Hey guys.  I just stumbled on an idea which I may be tempted to try out if I have the time.  I've read here that you can use peat in the substrate of your propogator which produces CO2 as it decomposes.  I thought it was quite an interesting idea!

After a very brief search, I found this PDF document.  I've not read it TBH, just the overview, but it suggests that CO2 production is best at about 85% humidity.

The only thing I'm not so sure about is the smell it'll no doubt produce   

I thought it was an interesting topic, seeing as some of us are starting to get into this emerse lark (I got mine setup over the weekend!)


----------



## a1Matt (13 Jul 2009)

Interesting.  

Diana Walstad's low tech soil under substrate method claims that CO2 is produced by the soil.  (She also mentions not having too much movement at the water surface, or you gas off the CO2 that is created.)

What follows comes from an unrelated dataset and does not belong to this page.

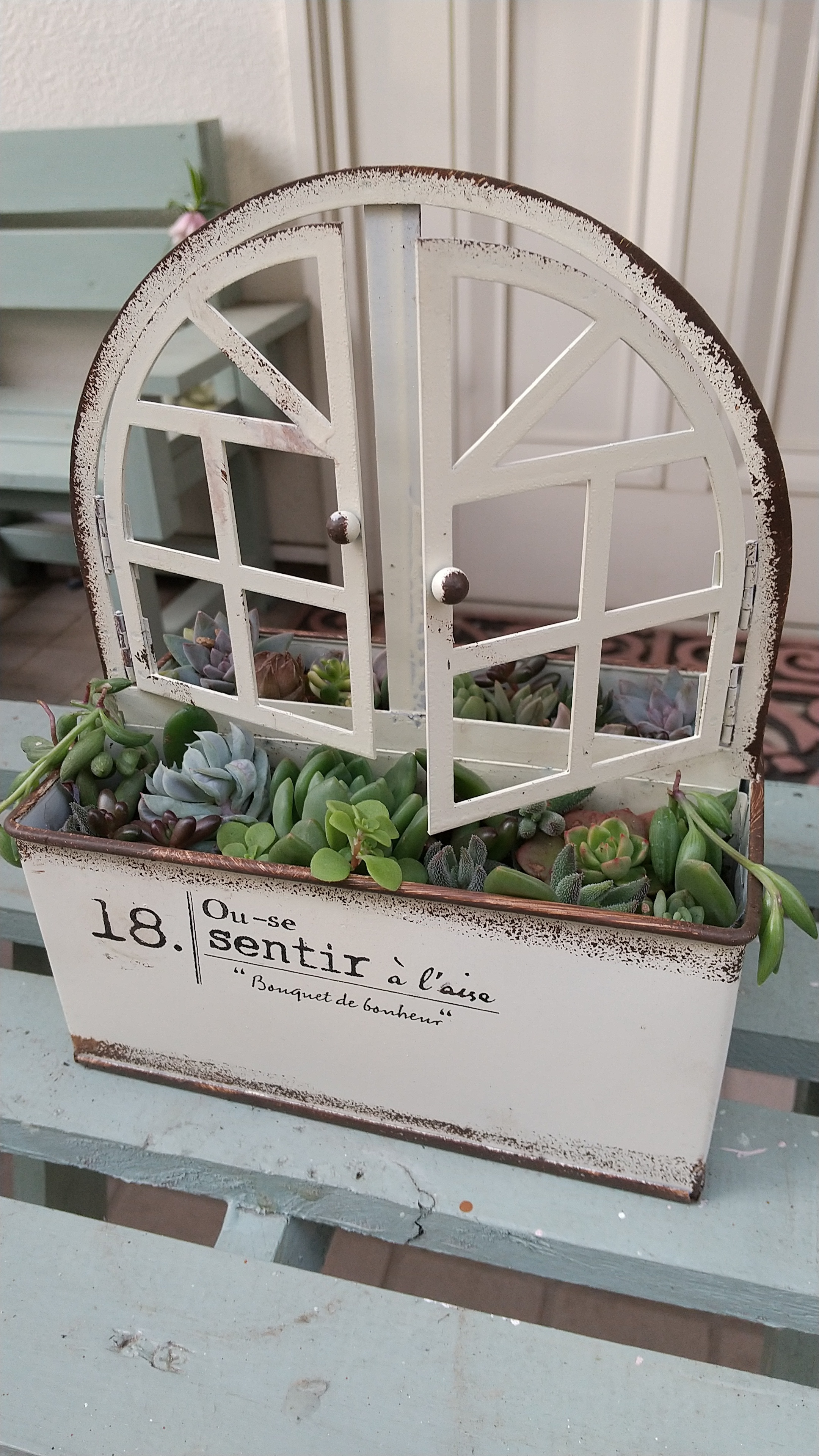 多肉ちゃんの寄せ植え容器まで、すてきですね✨ヽ(´ω`)ノ

Sounds like the same theory to me here.  So I guess that theory holds up for other soils (EDIT - most soils maybe? or just 'decomposing' stuff like leaf mulch, etc.  watch out Steve we might be turning into gardeners   ) and not just peat. Which is good, as peat is not very in fashion at the moment (peat bogs being endangered and whatnot).


----------



## a1Matt (13 Jul 2009)

As Steve Pushak is sealing the lid this will give 100% humidity, I think that will work with some species but not others.
I have fittonia's in my emmersed setup that start rotting when the humidity is too high.
HC on the other hand loves it.

From reading aorund another thing about sealing the lid is that you have to be really careful 1/ not to overwater  (literally just put a dribble of water in) or things can go mouldy real quick.  2/ do not let it overheat.

I'd prefer to have some ventilation and lose the CO2, seems less risky.

All good food for thought though


----------



## GreenNeedle (13 Jul 2009)

You don't need to gain CO2 when there 450ppm in the atmosphere 

AC


----------